Some amongst us have been more ambitious, having extended their disappointments and their capacities for illusion to the realm of social unconscious. At the San Francisco Center for Psychoanalysis, a faction of students and faculty collaborated in 2021 on what they’d topically call the Anti-Racism Task Force (ARTF) Report. Seventeen pages deep, the report lamented what it termed the “realization that we are implicated in creating an organization that many would identify as racist and elitist. We feel very deeply that this is not who we are or what we are about”. Established in June 2020 amidst the furor surrounding the killing of American citizen George Floyd, the ARTF sought to review policies of the center’s psychoanalytic education division, its procedures and standards, to identify areas of exclusion, inequity, inaccessibility, and racism, and to make recommendations for changes necessary to become an equitable, accessible, inclusive, diverse and anti-racist psychoanalytic community. Among the report’s findings were criticisms of an overly subjective application procedure that rendered applicants susceptible to interviewer bias; that application forms lacked explicit statements regarding anti-racist policies, and that requirements for participation were too rigorous.  

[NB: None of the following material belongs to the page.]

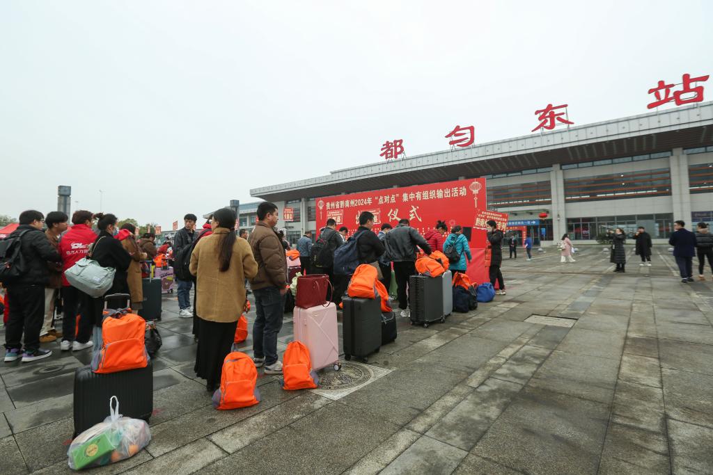 2月17日,來自貴州省黔南布依族苗族自治州各縣市的返崗務工人員在都勻東站廣場等待進站,準備乘坐返崗務工專列。新華社發(fā)(肖偉 攝)

More specifically, the report challenged the use of ambiguous terms like “suitability” and “analytic process” in policy statements, plus the lack of clear and transparent guidelines for admissions as well as the tracking of candidate progress within the program; that step-by-step procedures for recognizing bias in the assessment of candidates were lacking, and that no procedures determined the efficacy of requirements that diverged from those of The American Psychoanalytic Association (ApsaA) or the International Psychoanalytic Association (IPA). Within weeks a faculty response was published, bristling in defense of program integrity, and providing data that disputed the ARTF’s premise that recent admissions trends reflected a lack of racial diversity. The call for more transparency, plus so-called “objective” standards further seemed to offend the sensibilities of some. Amid the distance of the contemporaneous Covid crisis, murmurings across Zoom calls bemoaned this would-be “reification” of training standards, plus a general atmosphere of “calling out”, which seems to live in binary opposition to a fear of being called out. Some kind of illusion was under threat. Suddenly, it seemed that an analytic stance of “not knowing”, of neutrality, might be re-cast as hapless denial, or worse, a form of ethical cowardice. In seminars, presenters speak of not knowing, evincing an ethic of humility and calm, speaking to the presumedly like-minded about the value of an analyst’s discomfort. Ultimately, we stir over an aggregate of critiques, challenges, some that insult, others less so, that cut back and forth across contexts. Today, we wonder how many will have noticed the altered flavor, the audacities of candidate complaints pushing back—the upped ante of illusion and disappointment. 

References

Ferenczi, S. (1939/1988). Confusion of Tongues Between Adults and the Child. Contemporary Psychoanalysis, 24:196-206

Freud, S. (1913) On Beginning the Treatment. The Standard Edition of the Complete Psychological Works of Sigmund Freud 12: 121-144

Gabbard, G.O., & Ogden, T.H. (2009) On Becoming a Psychoanalyst. International Journal of Psychoanalysis 90: 311-327

Junkers, G., Tuckett, D., & Zachrissson, A. (2008). To Be or Not to Be a Psychoanalyst. Psychoanalytic Inquiry 28: 288-308

Maroda, K. (2022). The Analyst’s Vulnerability. London and New York:Routledge.